>>>

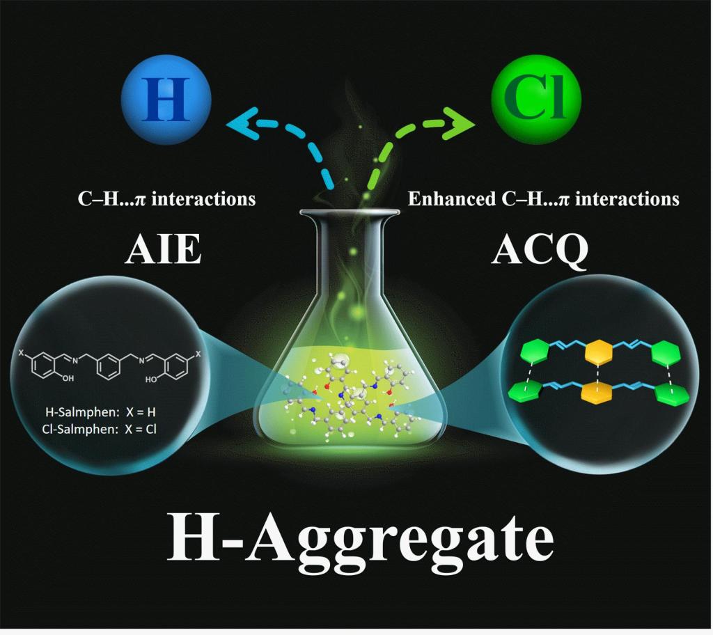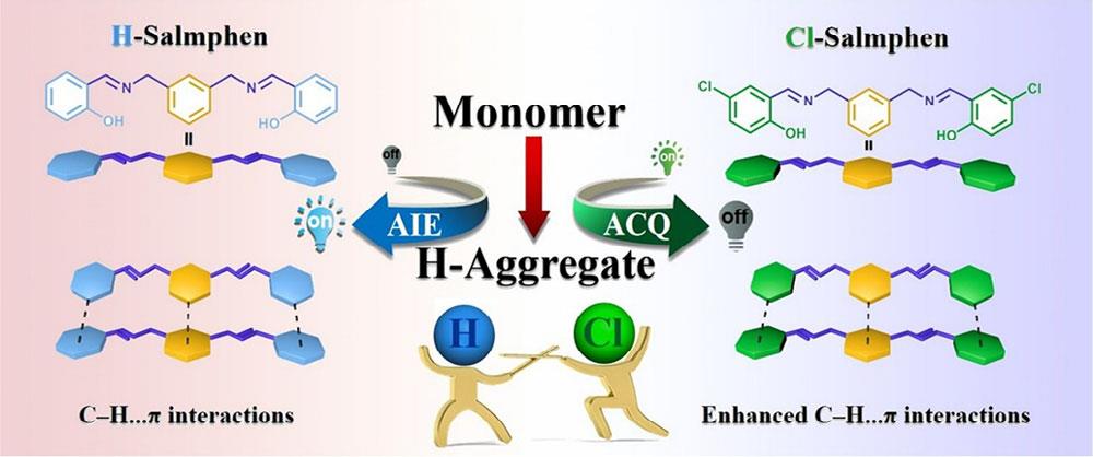 在最近的研究中,beat365英国官网吴琼教授团队,成功合成了两种具有H-聚集特性的席夫碱化合物Cl-Salmphen和H-Salmphen。单晶结构分析表明,两个光谱学呈H-聚集体特征的分子之间并不存在π-π相互作用;相反,相邻分子之间主要通过C-H...π相互作用连接。这意味着C-H...π相互作用也可以诱导H-聚集体的产生。更有趣的是,尽管卤素原子的引入并没有改变分子间的相互作用类型和堆积模式,但其荧光行为发生了从聚集诱导荧光增强(AIE)到聚集荧光猝灭(ACQ)的转变根本转变,理论计算表明这与卤原子的引入增强了分子间相互作用有关(图1)。性质研究表明,这种独特的相互作用模式在形成了超高光学信噪比的同时还有效的拓展了探针在有机物中水含量检测范围。此外团队利用这一特点,制作了一个高效的荧光试纸传感器,并借助手机实现了有机溶剂中含水量的快速、准确的实时检测。这项工作为H-聚集体的形成机制和新型光学器件的拓展提供了一个崭新的视角。
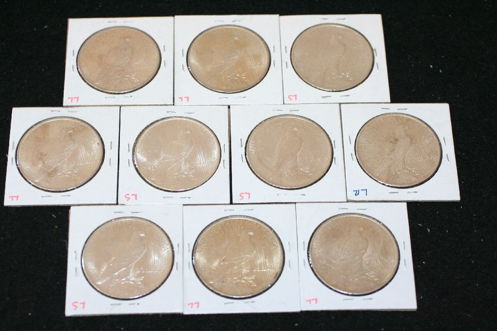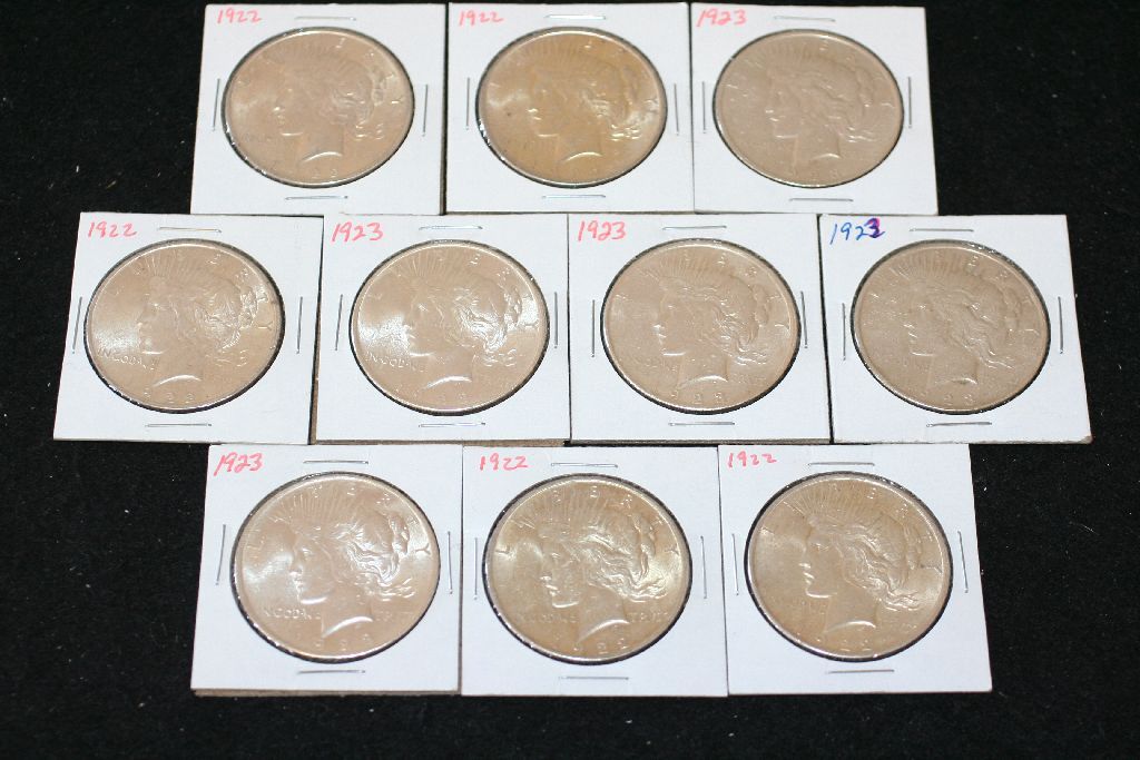 1922 Peace $1; Lot of 5 & 1923 Peace $1; Lot of 5; Total Lot of 10
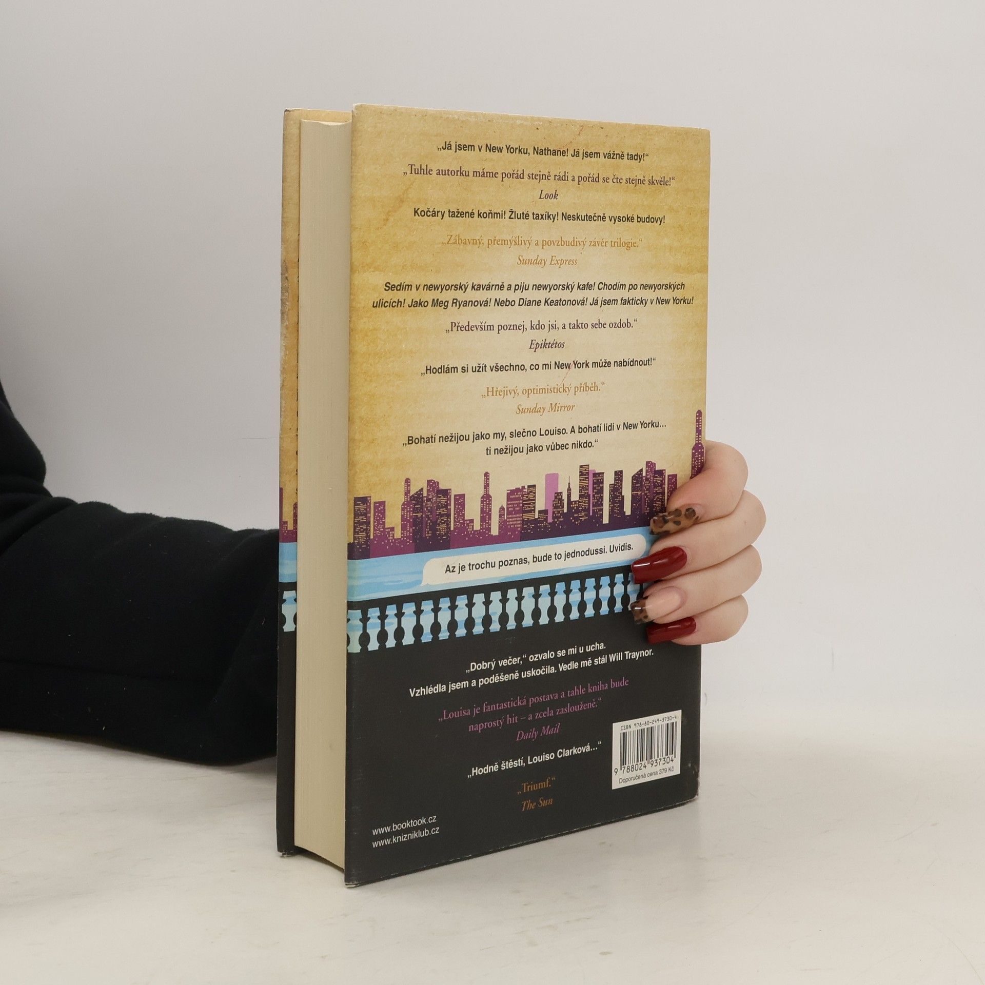 Louisa Clarková z bestellerů Než jsem tě poznala a Život po tobě se vrací v novém románu Jojo Moyesové! A hodně toho ví… Tak například ví, jak daleko je z jejího nového domova v New Yorku do Londýna, kde žije její přítel Sam. Ví také, že její nový zaměstnavatel je dobrý člověk a že před ním jeho manželka skrývá tajemství. Co ovšem Louisa ještě netuší, je to, že nová práce v novém městě jí rozhodně nezaručí idylický život, ve který tolik doufala, a že bude její vztah se Samem z obou stran podroben zkoušce ohněm. A neví také, že lidé, s nimiž se ve své nové životní etapě setká, ji možná postrčí dost nečekaným směrem…
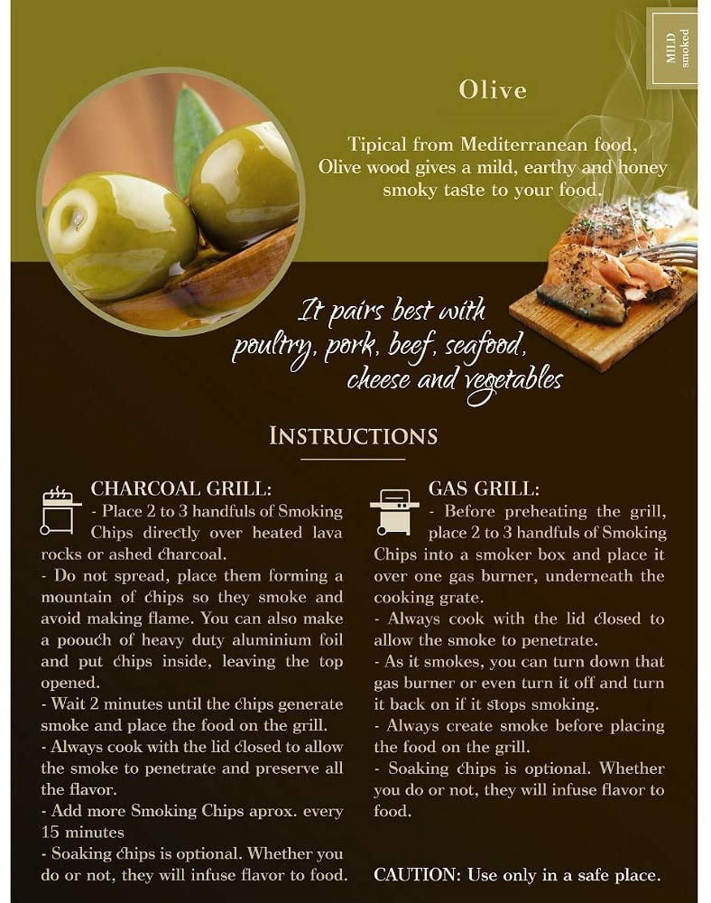 EXCELLENT QUALITY- made from 100% natural wood brought all the way from Argentina with no artificial flavor, additive or fillers. FLAVOR ENHANCING- with a mild intensity and subtle sweet flavor of the apple wood it is perfect to use when cooking pork, lamb, seafood, cheese vegetables and much more. MULTIPLE USES- there is no limits, you can use it in your kamado, smoker, electric, gas or charcoal grill to get the ultimate wood cooking experience and give that unique flavor to all of your favorite dishes. CONVENIENT QUANTITY- with 180 cubic inches you will have the perfect amount to make the best out of your Sunday BBQ. EASY TO USE- ready to place into your grill and start spreading the flavor into your food.HUMOS Olive Smoking Wood Chips for BBQ, Smoker, Kamado and Gas, Charcoal & Electric Grill (Olive)

<<<

:: What you should do ::
The copy should hold only the lines from the one with "1922 Peace $1;" through the one with "Louisa Clarková z", exactly as they stand above. Leave out the pictures.

:: Solved exercise ::
 1922 Peace $1; Lot of 5 & 1923 Peace $1; Lot of 5; Total Lot of 10
 Louisa Clarková z bestellerů Než jsem tě poznala a Život po tobě se vrací v novém románu Jojo Moyesové! A hodně toho ví… Tak například ví, jak daleko je z jejího nového domova v New Yorku do Londýna, kde žije její přítel Sam. Ví také, že její nový zaměstnavatel je dobrý člověk a že před ním jeho manželka skrývá tajemství. Co ovšem Louisa ještě netuší, je to, že nová práce v novém městě jí rozhodně nezaručí idylický život, ve který tolik doufala, a že bude její vztah se Samem z obou stran podroben zkoušce ohněm. A neví také, že lidé, s nimiž se ve své nové životní etapě setká, ji možná postrčí dost nečekaným směrem…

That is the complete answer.